Wednesday, July 21, 2010

Promises; past, current, future...these I make to my children

Growing up, we all make promises to ourselves.  When we are young we promise ourselves we will be a lawyer, a doctor or a teacher.  We tell ourselves we will make a difference in the world, we will not just exist...we will be some one, do something, change the world. 

We get older and realize that change is not as easy as it sounds.  We, in actuality can only change our small part of the world.  in a sense, ourselves.  and in reality, there is very little we have control over. 

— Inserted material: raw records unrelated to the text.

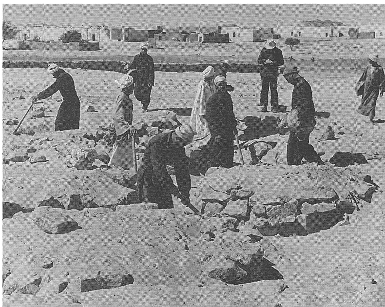
Рис. 3. Египет, 1962 г. Раскопки у с. Наг-Набрук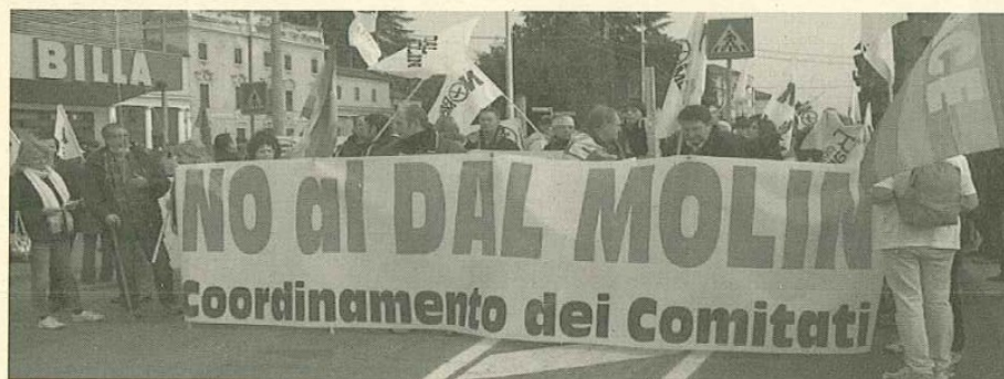
Foto di copertina: Vicenza 2 dicembre 2006, "No Dal Molin" manifestazione nazionale di protesta contro l'ampliamento della base Usa di Ederle. Le vignette che illustrano il numero sono tratte dal sito www.altravicenza.it

Guerre&Pace è stampata su carta riciclata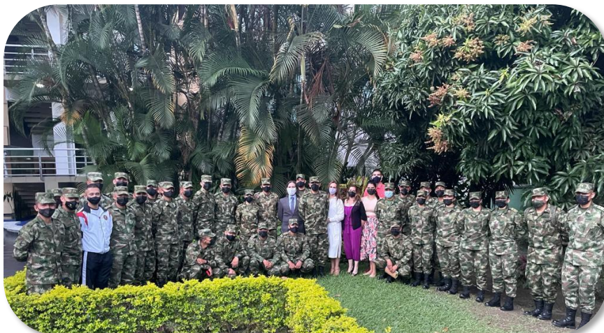
Grupo de conferencistas y asistentes al Primer Seminario en Experiencias de Liderazgo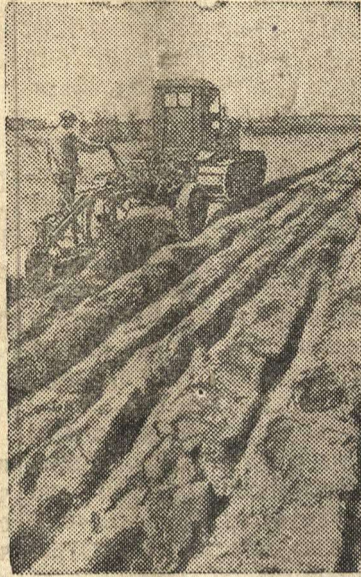
Трактор поднимает целину в Сигулдской волости Рижского уезда.

Сотни тракторов работают сейчас на полях Латвийской ССР.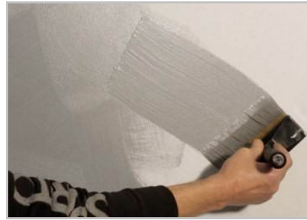
Schritt 4 - Das Produkt frei verteilen.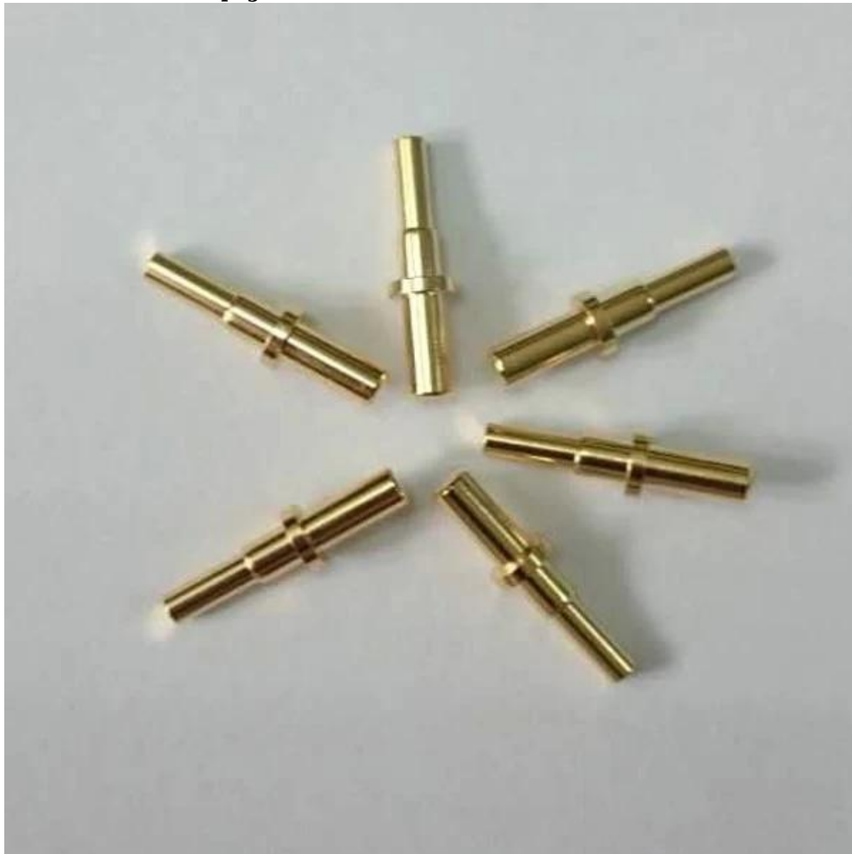
Foto do conector do pogo da bateria

Past:  When my children were babies, I promised to love them no matter what they do or become.  I held their hands when we walked, taught them how to live.  Now I realize that the day they walked without holding my hand, is the day that I lost them forever, they will never walk and hold my hand again.  That is until the day comes that they need to help me and hold me to keep me from falling.

Current:  I promise not to mortify them in front of their friends.  To allow them their freedom in the neighborhood, no matter how much I worry, and pray that they dont do something stupid!  I promise, or try to have the cool house.  the one that they all want to come over to.  (right now I wish I had more to eat in my kitchen as they are all scavenging with their friends for food)  I will allow sleepovers no matter how tired I am.  I will try not to say no to everything just cause I am tired.  I will keep my invisible leash really really loose unless I am forced to yank them back for stupidity.  Lets face it, they will do something stupid.  (jumping off the shed roof into the pool comes to mind)  I will not want to kill them when I ask why they did something stupid and they reply, I dont know.  (I'm really really sorry mom, I really dont know why!)

Future:  I promise not to tell their wives/husbands the right way to do something.  I will try really really hard not to tell them they are raising their kids wrong.   If they move across the country, I will be supportive while crying on the inside.  I will visit but not for to long.  I WILL NOT go to visit for a month and stay with them.  I will never rearrange their kitchen cabinets!  (no mom, this is not about you, you never did that)  I will not say, I wish you would call more often, or call you every single day.  I mean really!

When I am older, much older, and I have to give up my car, I will do it without question.  I will try to remember that I dont want to kill a family because I am pigheadded.  (is that even a word)

Should I need to leave my house forever, I will do it with dignity and pride.  I will not do it kicking and screaming!  I will welcome the help offered to me.  I will be grateful that someone cares!  I will be sad, and I will express that, but I will not be an ASS!

We all say, we will not be a burden on our kids, but I know that that is not possible.  At least I hope I will live old enough to be a burden!  When I do become a burden, I hope and pray that I have raised them with enough love and caring that they will not abandon me because they are to busy.  That they will remember when I was tired, but drove them to a friends house anyway.  When I skipped my knitting groups, because they had baseball or softball or basketball, or music concerts or anything at all.  When I left a friends house because they were upset about a girl or boy and needed to talk.  

I promise to grow old with dignity and pray I will maintain my common sense.  I will NEVER allow my house to smell like old lady house and if it does PLEASE, SOMEONE TELL ME!  (no mom, your house does not smell like old lady house, goodness you are awfully self conscious) 


Hubby and I always joke that we need to be nice to our kids because they are going to choose the home we are going to be stuck in when we are old.   Boy, if that isn't the truth! 

When I am old and gray, and cranky and whining, please if this blog still exists, someone reprint this and enlarge it so I can read it.  and make me read it!